__Work instruction__
Retype the listing exactly, with no images.

__Stored data__
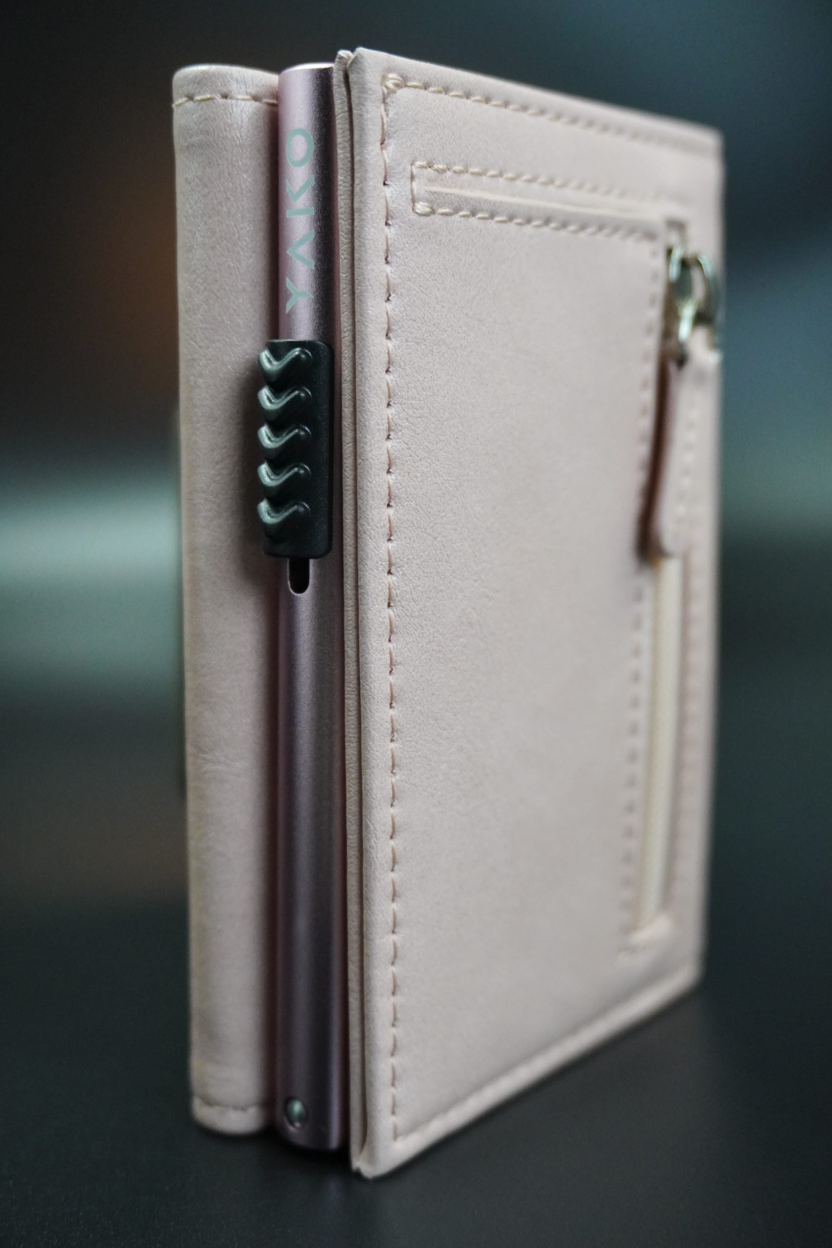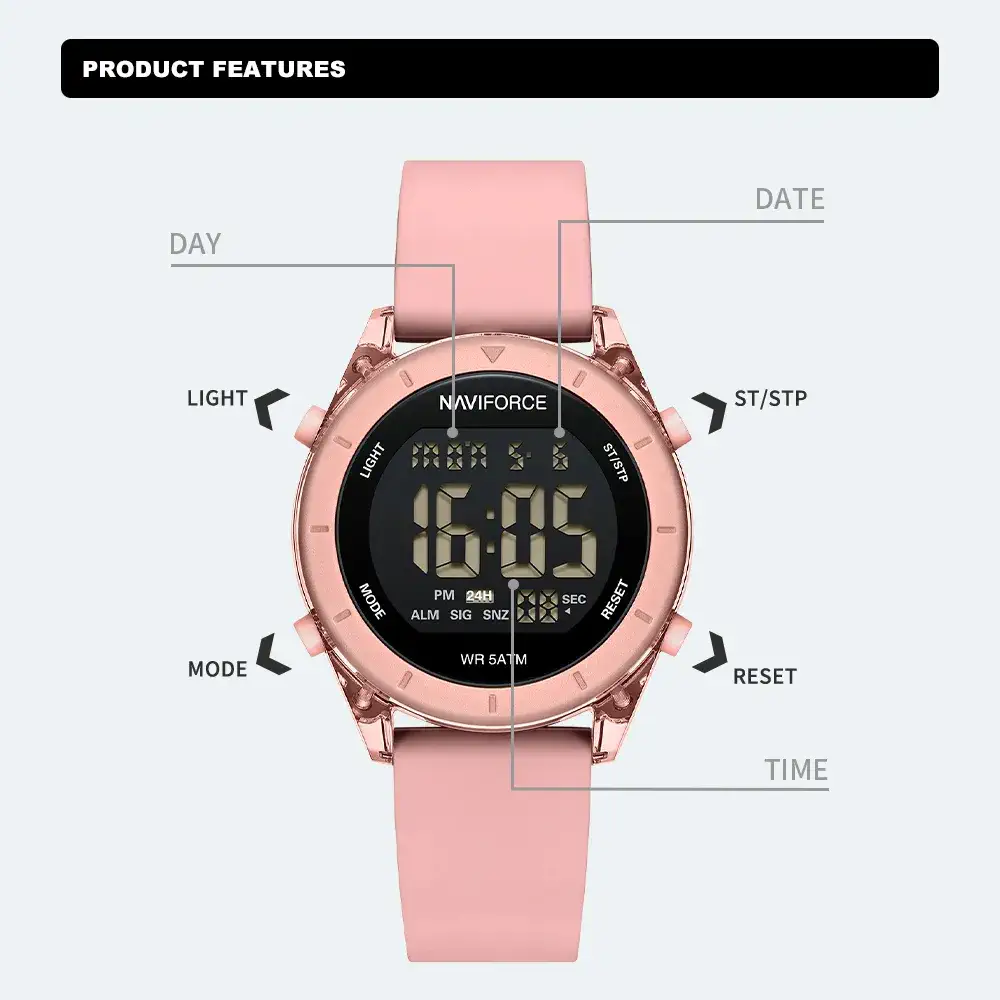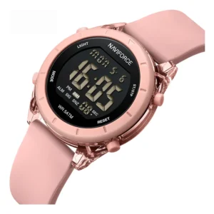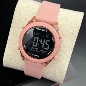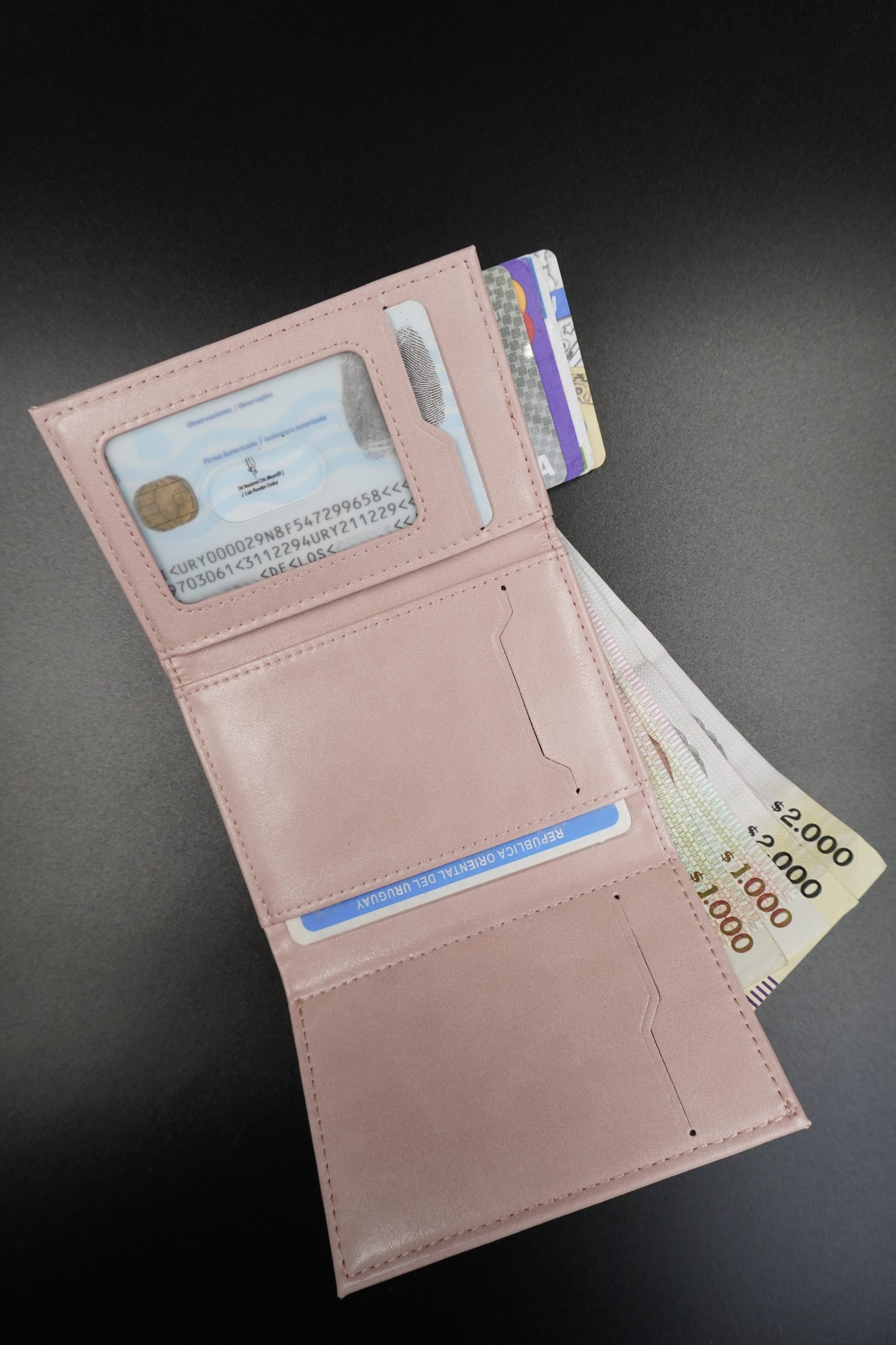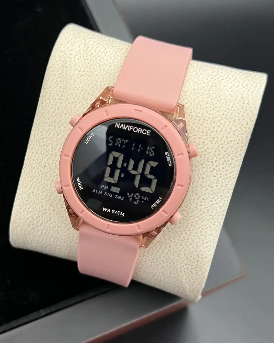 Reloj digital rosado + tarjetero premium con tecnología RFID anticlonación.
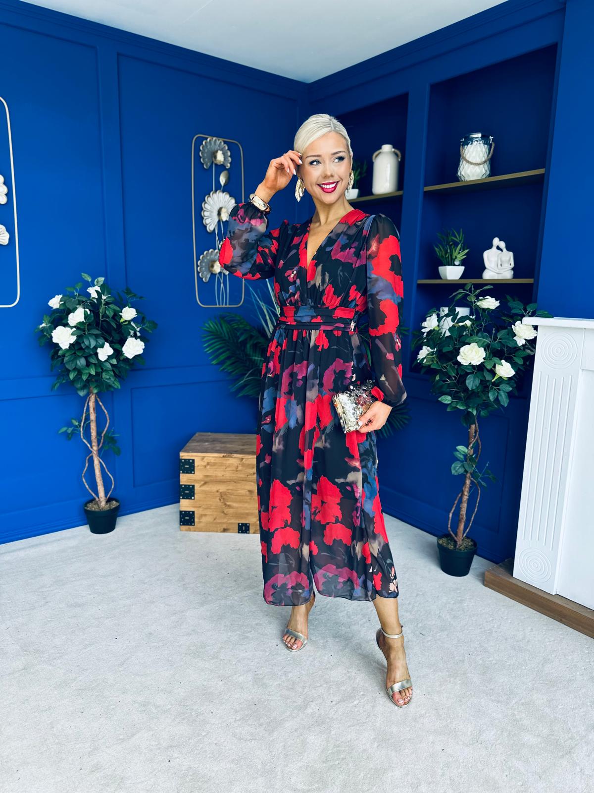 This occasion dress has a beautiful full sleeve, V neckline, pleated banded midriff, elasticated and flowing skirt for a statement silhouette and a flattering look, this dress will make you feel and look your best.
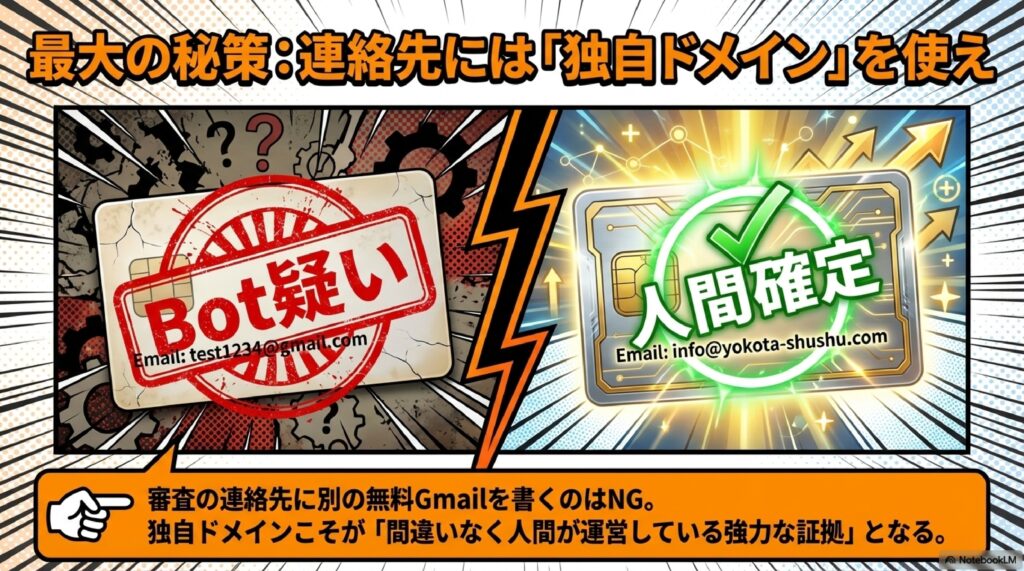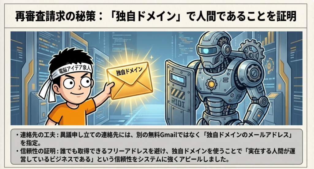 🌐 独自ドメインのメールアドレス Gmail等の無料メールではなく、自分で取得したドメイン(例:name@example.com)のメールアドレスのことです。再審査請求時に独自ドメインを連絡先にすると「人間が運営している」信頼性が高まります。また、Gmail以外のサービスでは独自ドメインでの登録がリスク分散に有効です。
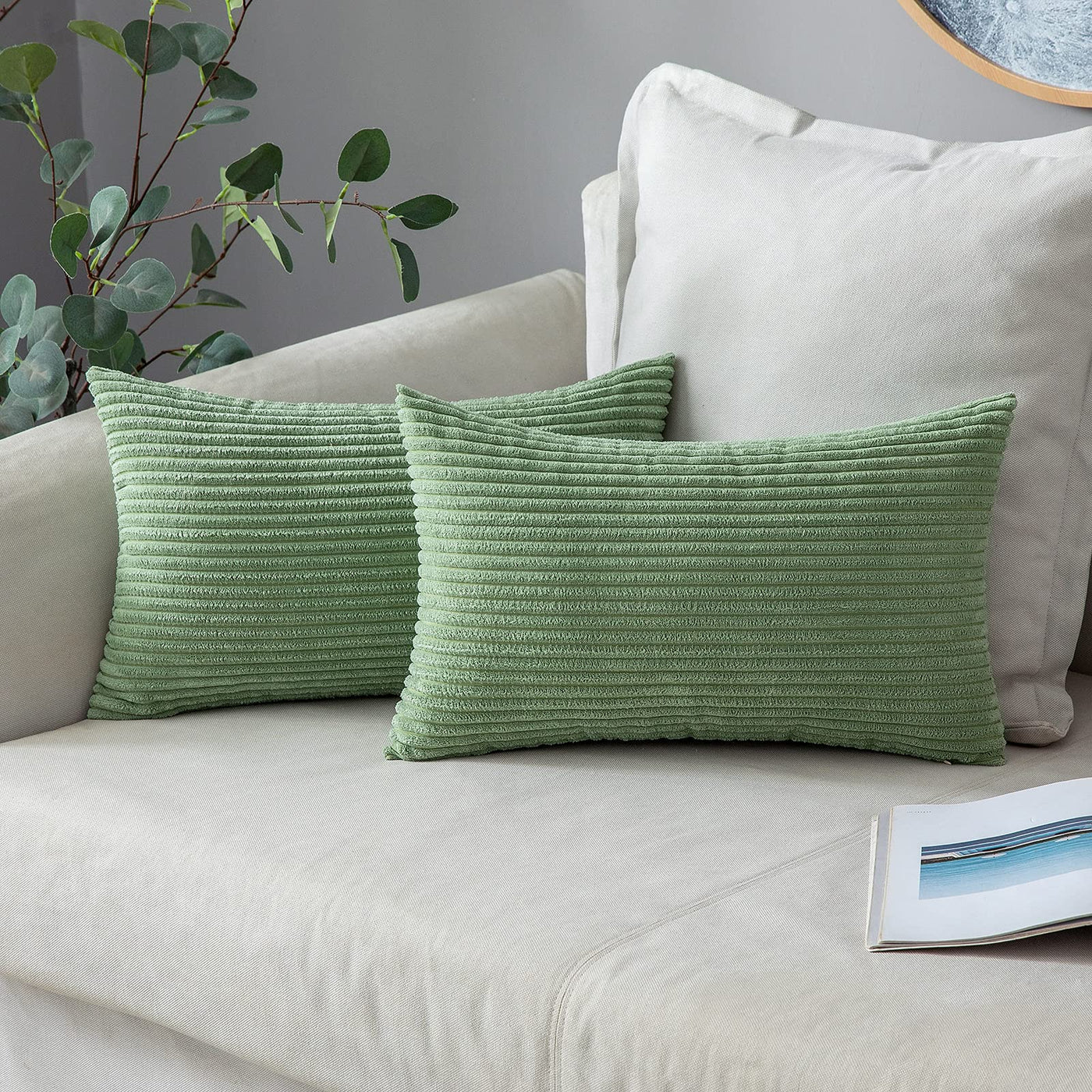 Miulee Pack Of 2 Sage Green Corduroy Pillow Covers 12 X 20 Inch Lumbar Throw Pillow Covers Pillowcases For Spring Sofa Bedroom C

__Solution below__
 Reloj digital rosado + tarjetero premium con tecnología RFID anticlonación.
 This occasion dress has a beautiful full sleeve, V neckline, pleated banded midriff, elasticated and flowing skirt for a statement silhouette and a flattering look, this dress will make you feel and look your best.
 🌐 独自ドメインのメールアドレス Gmail等の無料メールではなく、自分で取得したドメイン(例:name@example.com)のメールアドレスのことです。再審査請求時に独自ドメインを連絡先にすると「人間が運営している」信頼性が高まります。また、Gmail以外のサービスでは独自ドメインでの登録がリスク分散に有効です。
 Miulee Pack Of 2 Sage Green Corduroy Pillow Covers 12 X 20 Inch Lumbar Throw Pillow Covers Pillowcases For Spring Sofa Bedroom C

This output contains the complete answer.